Monday, 24 April 2017

Regular Expressions

Regular Expressions:

  • regular expression is a special sequence of characters that helps you match or find other strings or sets of strings, using a specialized syntax held in a pattern. 

Regular Expressions are used to

  • Extracting the required data from the given data.
  • To perform data validations.
  • To develop the URL patterns in the web applications.

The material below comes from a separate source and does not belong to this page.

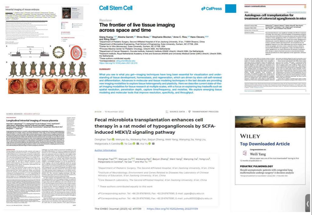 多年来,二附院小儿外科高亚教授领导的研究团队一直致力于相关研究领域的深入研究和技术创新,在多个研究方向取得了丰硕成果,取得了10余项国家自然科学基金的支助,黄强研究员、潘伟康副主任医师、余辉副研究员、田东浩助理研究员等分别以第一作者和(或)通讯作者已连续在《科学》、《细胞干细胞》《欧洲分子生物学学会杂志》《自然通讯》和《科学进展》等国际知名期刊发表多篇原创性文章。此外,博士研究生杨薇粒发表在《儿童肺病学》文章被WILEY出版社评为TOP Downloaded Article。这些研究成果反映了二附院小儿外科在先天畸形的诊疗发生发展、干细胞移植、再生医学等母胎研究领域的水平。今后,小儿外科将继续深耕母胎医学研究领域,为持续推动学科和医院建设贡献小儿外科力量。

  • In Regular Expressions we use some special characters to define the patterns.
  • After defining the pattern we can extract that pattern matching data from the given data by using pre-defined functions of re module.
  • re is a inbuilt module of the python

special characters:



1) *  => it matches zero or more occurrences of preceding 

character.


*   ---->ab*c

ac

abc

abbc

abbbbbc


2) + => it matches one or more occurrences of preceding character.

+ -----> ab+c

ac   #invalid

abc

abbc

abbbbbc

3) ? => it matches zero or one occurrence of preceding character.

? ---->ab?c

Ac

Abc

Abbc #invalid

Perl,pearl => pea?rl

Color,colour=>colou?r

4) . => it matches any single character.

. ------> a.c

agc

a5c

a$c

a c

abcd #invalid

5)[ ] => it matches any single character in the given list.

[xyz…] ----->b[aeiou]d

bad

bed

bid

bod

bud

b8d #invalid

bpd #invalid

6) [^] => it matches any single character other than in the give list.

[^xyz…]------>b[^aeiou]d

Bad #invalid

Bed #invalid

Bid #invalid

Bod #invalid

Bud #invalid

B8d

Bpd

7) [-]  => it matches any single character in the given range.

z[a-e]y

xay

xby

xcy

xdy

xey

xfy #invalid

xpy #invalid

[0-9] --->any single digit

[a-z] --->any one lowercase alphabet

[A-Z] --->any one uppercase alphabet

[a-zA-Z] --->any one alphabet

[a-zA-Z0-9_] --->any one alphanumeric

[^0-9] --->any single non digit

[^a-z] --->any one non lowercase alphabet

[^A-Z] --->any one non uppercase alphabet

[^a-zA-Z] --->any one non alphabet

[^a-zA-Z0-9_] --->any one non alphanumeric(special characters)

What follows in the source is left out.